Today’s op-ex shows Max Pain at 5485.00-5490.00. Long gamma may begin at 5500.00. Short gamma may start at 5475.00. There are large pockets of puts at 50-point intervals starting beneath 5425.00.
ZeroHedge reports, “It is a global selling carnage this morning, as risk-off extends across worldwide equity markets but nowhere more so than Japan where the point (if not percentage point) drop in the Nikkei has surpassed Black Monday 1987.
8:35 am
VIX futures have risen to a morning high at 21.51, a 15.7% advance before the open. It has surged above the April high and may challenge the October 2023 high. In the process, it has broken through a 4-year declining trendline, putting it firmly into bullish territory. I will show the weekly chart (with breakout) after the open.
The August 7 options chain shows Short gamma between 14.00 an 16.00. Long gamma begins immediately at 17.00 and is strongest at 20.00. Once it clears 20.00, we may see a surge in long options above it. This morning appears to be a total surprise.
9:40 am
As promised, the weekly chart shows a breakout above the declining trendline originating in March 2020. This opens the way to a panic rally to the 2020 high shown at the top of the chart. No guarantees, but you may wish to buckle your seatbelts.
TNX futures plunged to 37.82 (cash at 37.90.00) before bouncing. Support is at the December 27 low at 37.85. This may be the Master Cycle bottom on day 282 of the Cycles Model. Pundits interpret this move that the Fed now has to “catch up” with 4 rate reductions. However, they may be reading too much into this as the sell-off in equities may have produced a “knee-jerk” flight to bonds.
On the contrary, the Cycles Model suggests that rates may now rise through the end of the year. Wave [4] may have performed a “flat” correction by not declining beneath the December low. There is a potential buy signal for TNX above the Cycle Bottom resistance at 38.68.
ZeroHedge exclaims, “Just as we warned earlier in the week, the macro playbook has shifted to “bad is bad and good is good” as ‘growth scare’ narratives now dominate the set-in-stone rate-cut scenarios.

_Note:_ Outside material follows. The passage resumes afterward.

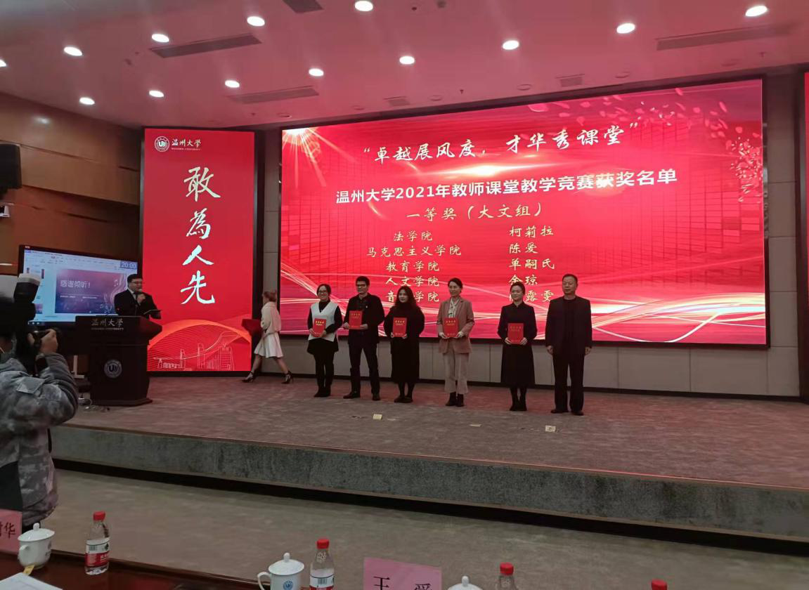 学院在今年学校第三届教师课堂教学竞赛中取得好成绩。学院共有6位选手参与学校竞赛,有4位选手获奖。其中,柯莉拉老师获得一等奖,陈以拓、周浩仁、侯丽维等三位老师获得二等奖,奖项数量在全校并列第一。同时,学院还获学校2021年教师课堂教学竞赛优秀组织奖,这是学院在三届课堂教学竞赛中二次获得此奖项。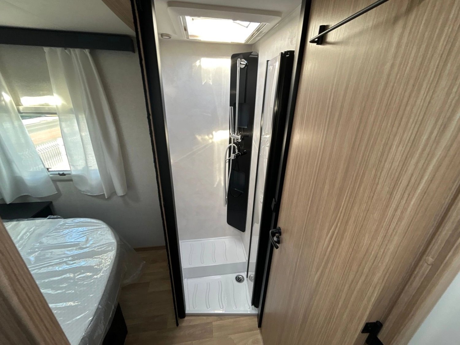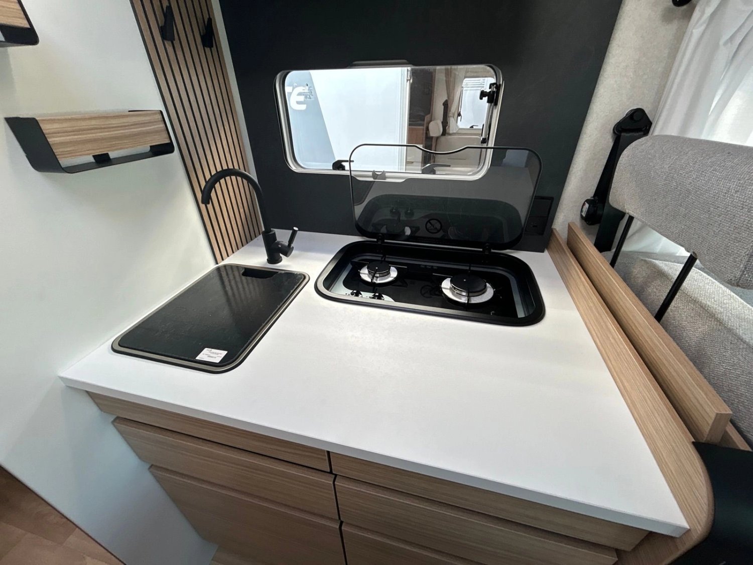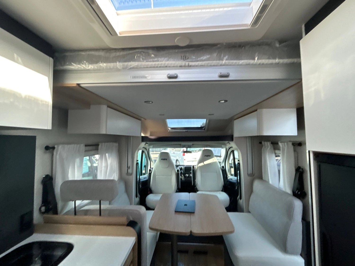 • Motorisation 2,2 L - 140 ch - boîte automatique. • Châssis Fiat 3,5 T. • Cabine noire. • PACK JANTES : jantes alliage 16”, volant en simili, aérateurs gris aluminium. • PACK MÉDIA 7” : autoradio 7” Pioneer® , DAB, AppleCar / Android Auto, caméra de recul, haut-parleurs dans la cabine et la cellule. • Batterie lithium 200 Ah et 2 panneaux solaires 100 W monocristallin TOPCon haute performance. • Booster pour une charge rapide de la batterie • Chauffage hybride Truma® D 6E (Diesel / 230 V). • Réfrigérateur à compression Thedford® 150 ou 158 l, selon modèle. • Store banne. • Tiroir bas de caisse. • Douchette eau froide/chaude dans la soute arrière. • Lit pavillon électrique avec sommier à lattes. • Sellerie bi-ton et bi-matière simili et tissu «Sand»

This morning’s payrolls data was ‘bad news’ and so we see rate-cut expectations explode higher with over four full cuts now priced in for 2024…
Source: Bloomberg
This prompted a massive plunge in Treasury bond yields…”
The Jobs Report may have also caused the USD futures to decline to 103.15 this morning. The Cycles Model suggests about two more weeks of decline with a probable target near the Cycle Bottom and trading channel trendline at 101.72. An alternate view suggests a lower decline to the area of 95.00.